Smart-Suggest Routing: Regex + BM25 Skill Hints
Smart-Suggest Routing: Regex + BM25 Skill Hints
Section titled “Smart-Suggest Routing: Regex + BM25 Skill Hints”A UserPromptSubmit hook that goes beyond pattern matching: BM25 lexical scoring scores every prompt against a curated skill corpus and injects ranked suggestions as additionalContext, so Claude proposes the right skill even when phrasing was never anticipated.
Why this exists
Section titled “Why this exists”Regex hooks are fast and precise for anticipated patterns. They break on reformulations. “my Prisma throws connection refused” and “prisma connection error” should both suggest /debug-db, but a regex written for the second form silently ignores the first. Every new phrasing requires a new rule, and bilingual teams double the maintenance burden.
BM25 solves this differently.

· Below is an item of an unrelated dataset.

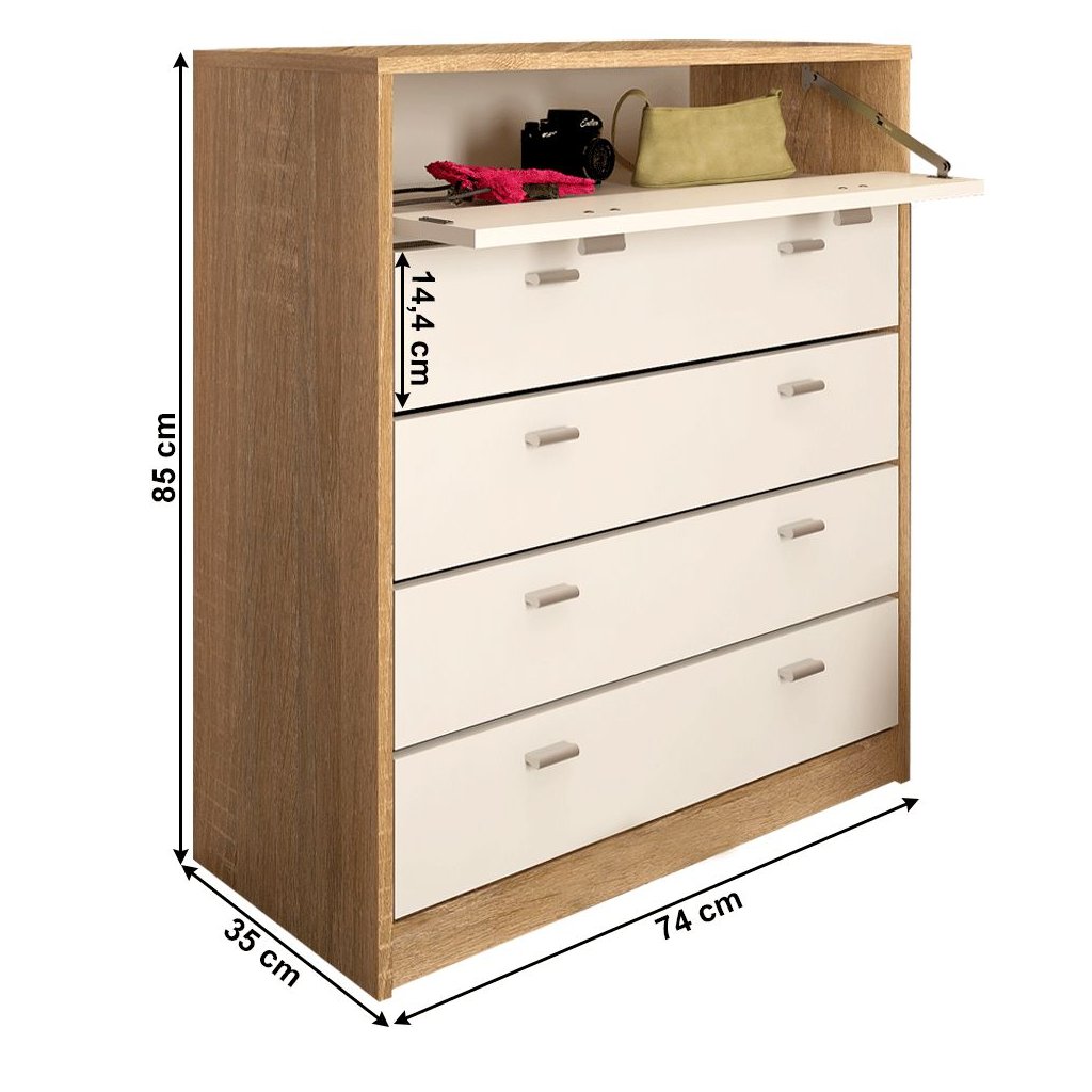 Botník VIVAT 4 v kombinácii dub sonoma a biela ponúka päť výklopných úložných priestorov. Rozmery 74x35x85 cm, hrúbka materiálu 16 mm. Dodávané v demonte. Kvalitný slovenský výrobok.

It scores prompts against positive scenario examples stored per skill, using term frequency and inverse document frequency to find lexical overlap without requiring exact phrasing. You write representative examples once; the engine generalizes.
The two hooks run in parallel and are additive, not competitive. Regex catches high-confidence enforcement cases. BM25 catches the long tail of natural-language variations.

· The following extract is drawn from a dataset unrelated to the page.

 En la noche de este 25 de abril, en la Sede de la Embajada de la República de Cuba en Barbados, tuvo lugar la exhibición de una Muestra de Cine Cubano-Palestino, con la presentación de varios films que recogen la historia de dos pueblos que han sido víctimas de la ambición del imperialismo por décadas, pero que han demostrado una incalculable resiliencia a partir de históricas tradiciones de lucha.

Regex vs BM25: when each fires
Section titled “Regex vs BM25: when each fires”Both hooks fire on every prompt. The difference is what they’re good at.
| Situation | Regex wins | BM25 wins |
|---|---|---|
| Pattern is fixed and predictable | Yes | No |
| Enforcement rule (must run before code) | Yes | No |
| Natural-language variation, FR/EN mix | No | Yes |
| Skill with 10+ documented phrasings | No | Yes |
| New skill, corpus still small | No | Maybe (check excluded) |
| Speed | ~1ms | ~20-50ms |
Regex is the right tool when you want to intercept a specific intent reliably, such as “create a PR without mentioning the changelog fragment.” BM25 is the right tool when you want broad coverage of a skill’s semantic territory without maintaining an exhaustive list of patterns.
Architecture
Section titled “Architecture”Both hooks attach to UserPromptSubmit. Claude Code delivers their outputs to context before the model processes the prompt. Neither blocks; both emit additionalContext through hookSpecificOutput.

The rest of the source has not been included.